■ Work instruction ■
After finding the line that holds "VÍDEO: Caminhão de" below, set down that line and the rest through the final one exactly, leaving the pictures out.

━━━ Source data

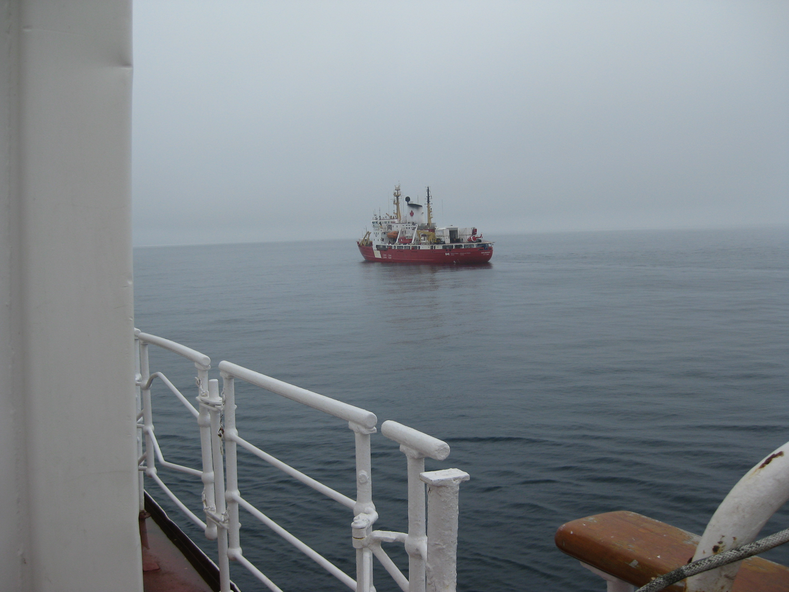 The CCGS Amundsen icebreaker has been at sea for more than eight months. The CCGS Louis S. St-Laurent was "the ship of opportunity" meaning that they were the first ship to travel near the Amundsen. Aboard the Canadian Coast Guard icebreaker Louis S. St-Laurent, on the Beaufort Sea.
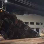 VÍDEO: Caminhão de lixo cai em cratera em avenida na Zona Oeste de Manaus
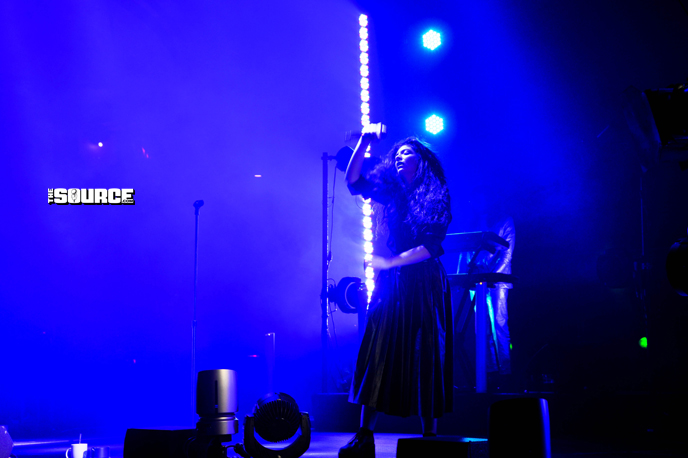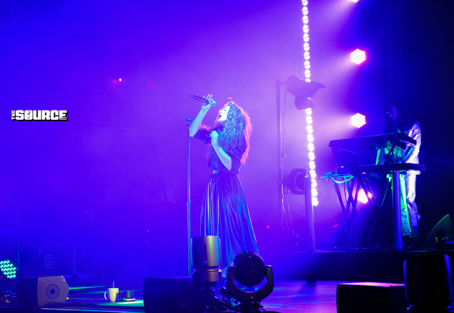 At around 9PM, it was time for Lorde! Hazy blue lights shined on the stage, and then all of lights went out. The crowd went wild. Then a lone spotlight appeared on a microphone. Lorde appeared on stage and walked out slowly from stage left. She was clad in a flowy above-the-ankle black skirt and a black shirt tucked in and belted. She was also wearing her signature black platform boots. She sang the first few lines of “Glory And Gore” and then the lights went out. The next few lines echoed, and then the lights went out again. As she sang “Glory and Gore,” we enjoyed watching Lorde perform her signature dance moves and couldn’t take our eyes off her.

━━━━━━

■ Task response ■
 VÍDEO: Caminhão de lixo cai em cratera em avenida na Zona Oeste de Manaus
 At around 9PM, it was time for Lorde! Hazy blue lights shined on the stage, and then all of lights went out. The crowd went wild. Then a lone spotlight appeared on a microphone. Lorde appeared on stage and walked out slowly from stage left. She was clad in a flowy above-the-ankle black skirt and a black shirt tucked in and belted. She was also wearing her signature black platform boots. She sang the first few lines of “Glory And Gore” and then the lights went out. The next few lines echoed, and then the lights went out again. As she sang “Glory and Gore,” we enjoyed watching Lorde perform her signature dance moves and couldn’t take our eyes off her.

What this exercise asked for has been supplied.